------ GIVEN MATERIAL ------
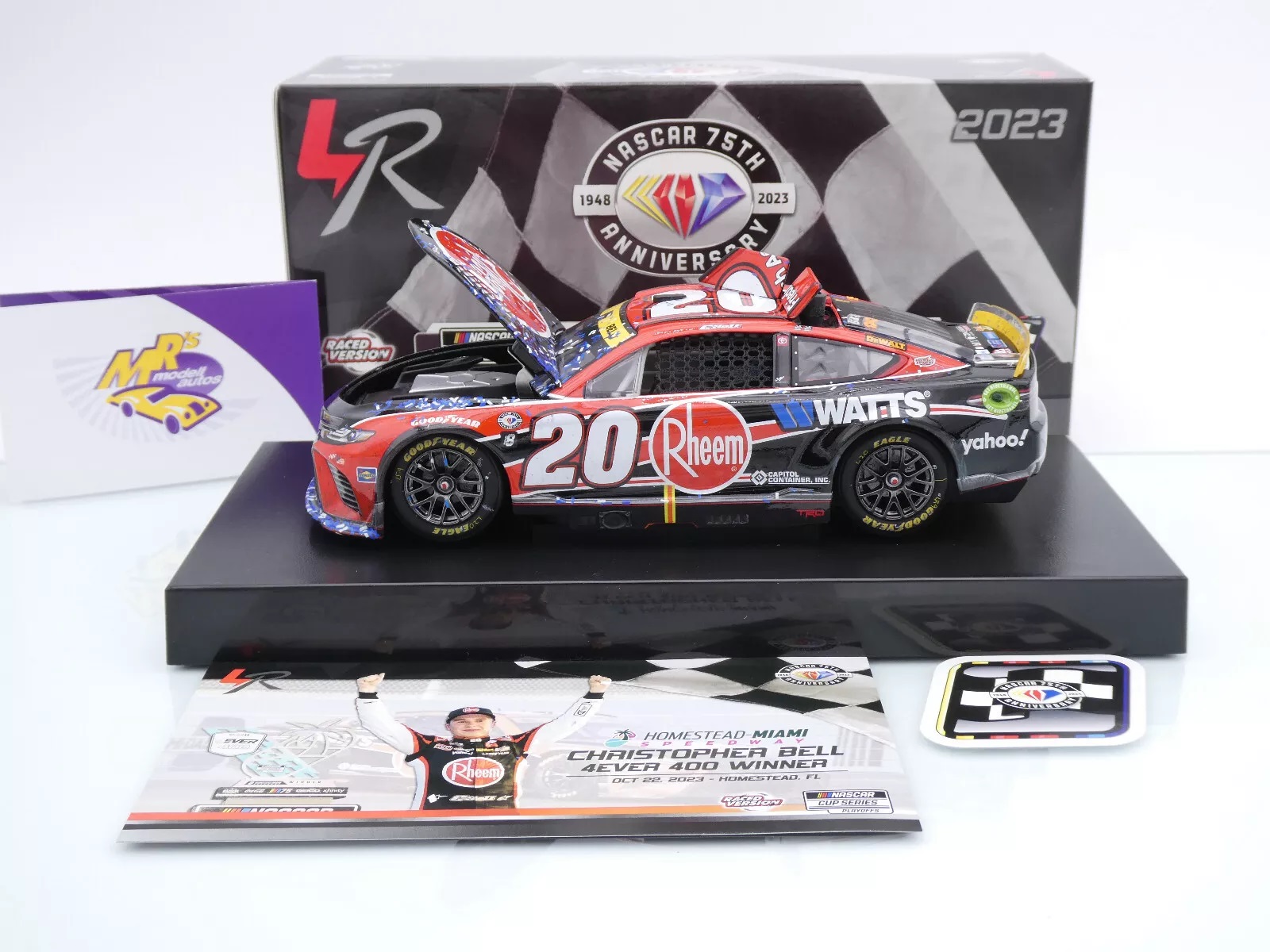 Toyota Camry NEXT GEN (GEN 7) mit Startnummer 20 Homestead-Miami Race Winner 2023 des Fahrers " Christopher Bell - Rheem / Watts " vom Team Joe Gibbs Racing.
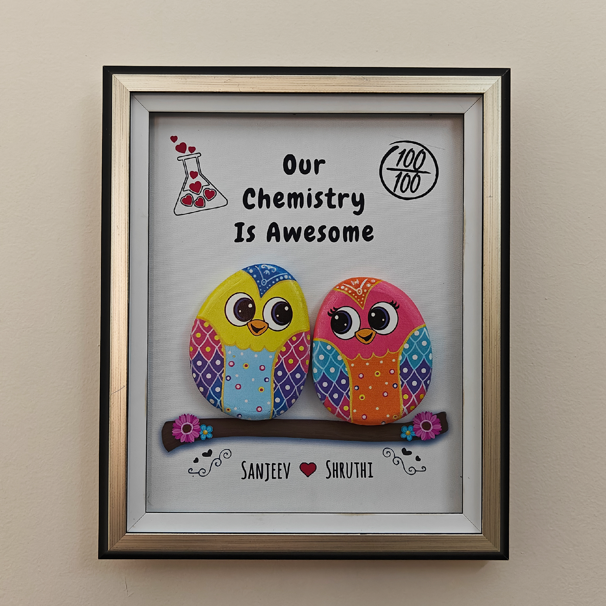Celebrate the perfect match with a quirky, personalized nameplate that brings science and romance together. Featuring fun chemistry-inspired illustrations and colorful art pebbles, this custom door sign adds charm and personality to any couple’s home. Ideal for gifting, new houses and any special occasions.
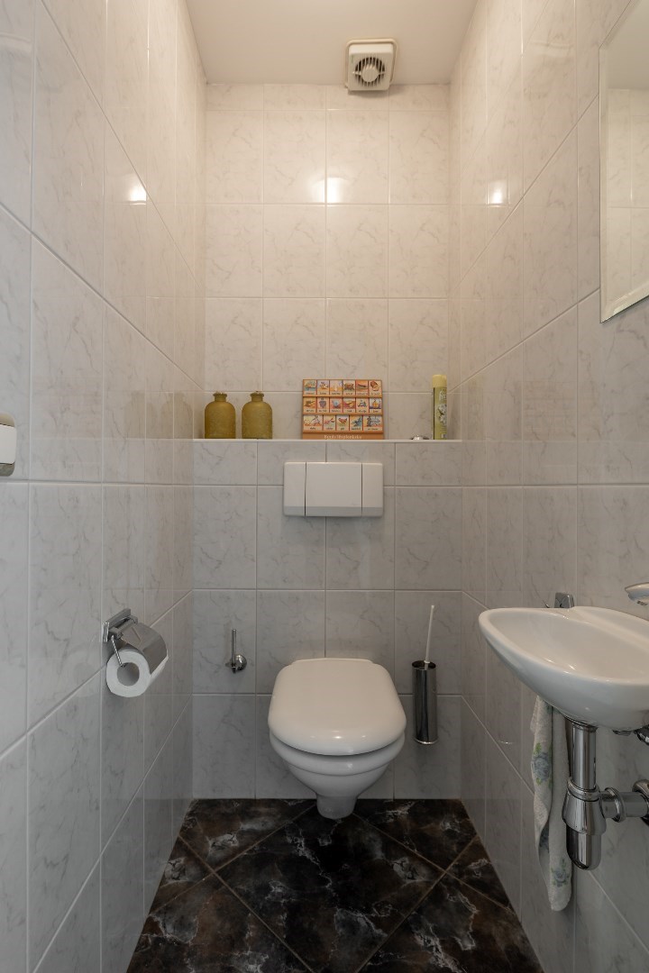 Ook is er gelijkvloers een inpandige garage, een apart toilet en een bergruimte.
------
[YOUR GOAL] Without the pictures, copy the material exactly as given.

[TASK OUTPUT]
 Toyota Camry NEXT GEN (GEN 7) mit Startnummer 20 Homestead-Miami Race Winner 2023 des Fahrers " Christopher Bell - Rheem / Watts " vom Team Joe Gibbs Racing.
Celebrate the perfect match with a quirky, personalized nameplate that brings science and romance together. Featuring fun chemistry-inspired illustrations and colorful art pebbles, this custom door sign adds charm and personality to any couple’s home. Ideal for gifting, new houses and any special occasions.
 Ook is er gelijkvloers een inpandige garage, een apart toilet en een bergruimte.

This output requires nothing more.